Dr. Pinsky, Dr. McCauley and their colleagues sought a clearer picture of the oceans’ health by pulling together data from an enormous range of sources, from discoveries in the fossil record to statistics on modern container shipping, fish catches and seabed mining. While many of the findings already existed, they had never been juxtaposed in such a way.

A number of experts said the result was a remarkable synthesis, along with a nuanced and encouraging prognosis.

“I see this as a call for action to close the gap between conservation on land and in the sea,” said Loren McClenachan of Colby College, who was not involved in the study.

There are clear signs already that humans are harming the oceans to a remarkable degree, the scientists found. Some ocean species are certainly overharvested, but even greater damage results from large-scale habitat loss, which is likely to accelerate as technology advances the human footprint, the scientists reported.

Coral reefs, for example, have declined by 40 percent worldwide, partly as a result of climate-change-driven warming.

Some fish are migrating to cooler waters already.
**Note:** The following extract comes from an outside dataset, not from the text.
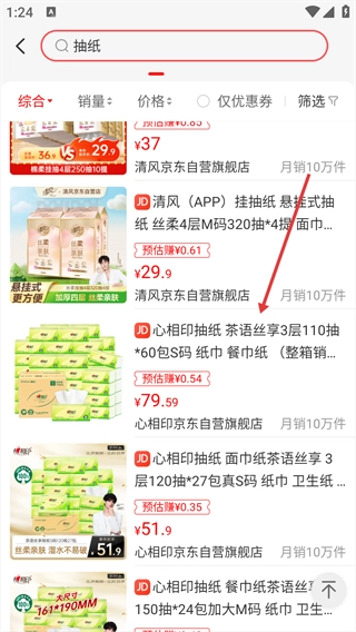进入搜索结果页,选定目标商品。

Black sea bass, once most common off the coast of Virginia, have moved up to New Jersey. Less fortunate species may not be able to find new ranges. At the same time, carbon emissions are altering the chemistry of seawater, making it more acidic.

“If you cranked up the aquarium heater and dumped some acid in the water, your fish would not be very happy,” Dr. Pinsky said. “In effect, that’s what we’re doing to the oceans.”